Given data —
======
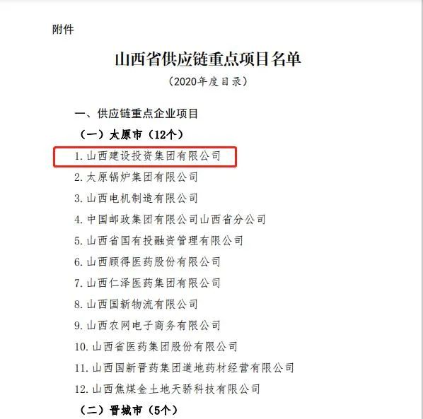 近日,省商務(wù)廳正式公示了2020年度山西省供應(yīng)鏈重點(diǎn)培育項(xiàng)目名單,集團(tuán)成為入選的28個(gè)項(xiàng)目之一。
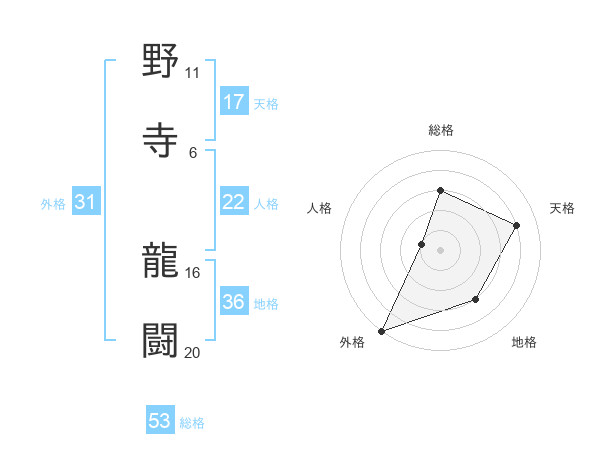 野寺 龍闘さんの外格は31画の5点!
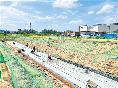 當日,烈日炎炎下的銀川市團結路(寧安北街—民悅街)道路施工現場,工人們正在緊張有序地施工作業!斑@個項目主要為打通斷頭路,建成后,寧夏美術館出入口道路通行問題將得以解決,與周邊路網連接更為便捷!便y川市住建局城鄉建設科工作人員楊珂介紹。
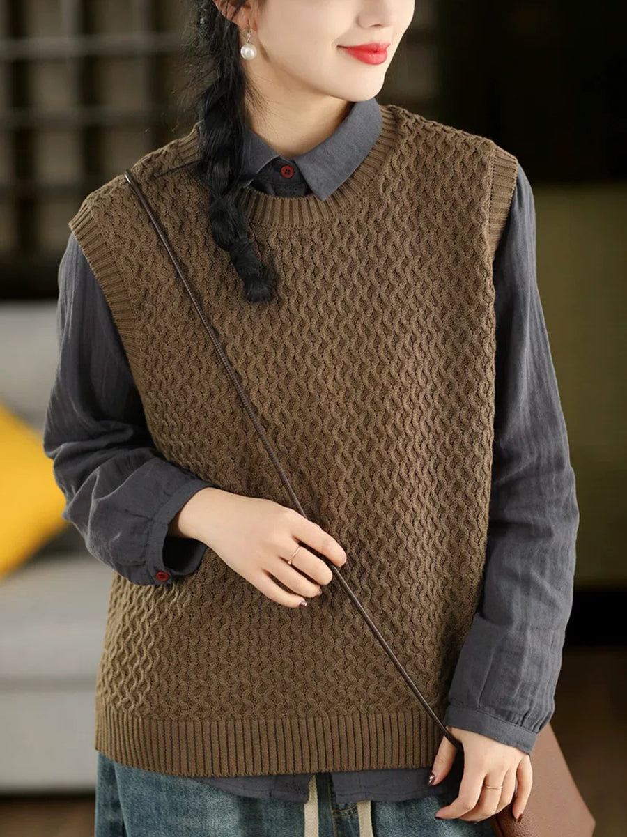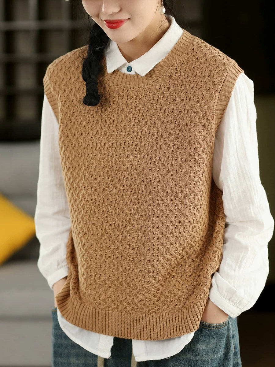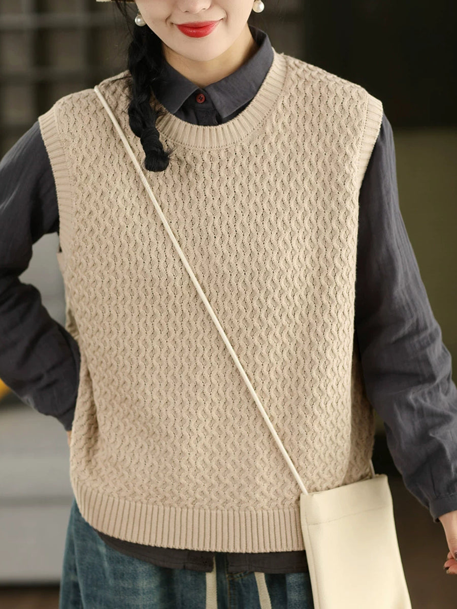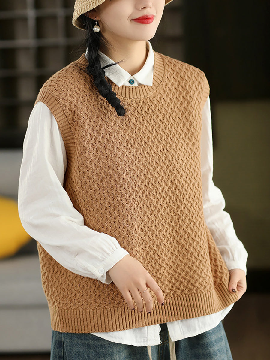 Colete feminino de tricô com decote redondo e cor lisa, estilo artístico, para a primavera.
======
What is expected — Would you output the listing above verbatim, without its pictures?

Answer space —
 近日,省商務(wù)廳正式公示了2020年度山西省供應(yīng)鏈重點(diǎn)培育項(xiàng)目名單,集團(tuán)成為入選的28個(gè)項(xiàng)目之一。
 野寺 龍闘さんの外格は31画の5点!
 當日,烈日炎炎下的銀川市團結路(寧安北街—民悅街)道路施工現場,工人們正在緊張有序地施工作業!斑@個項目主要為打通斷頭路,建成后,寧夏美術館出入口道路通行問題將得以解決,與周邊路網連接更為便捷!便y川市住建局城鄉建設科工作人員楊珂介紹。
 Colete feminino de tricô com decote redondo e cor lisa, estilo artístico, para a primavera.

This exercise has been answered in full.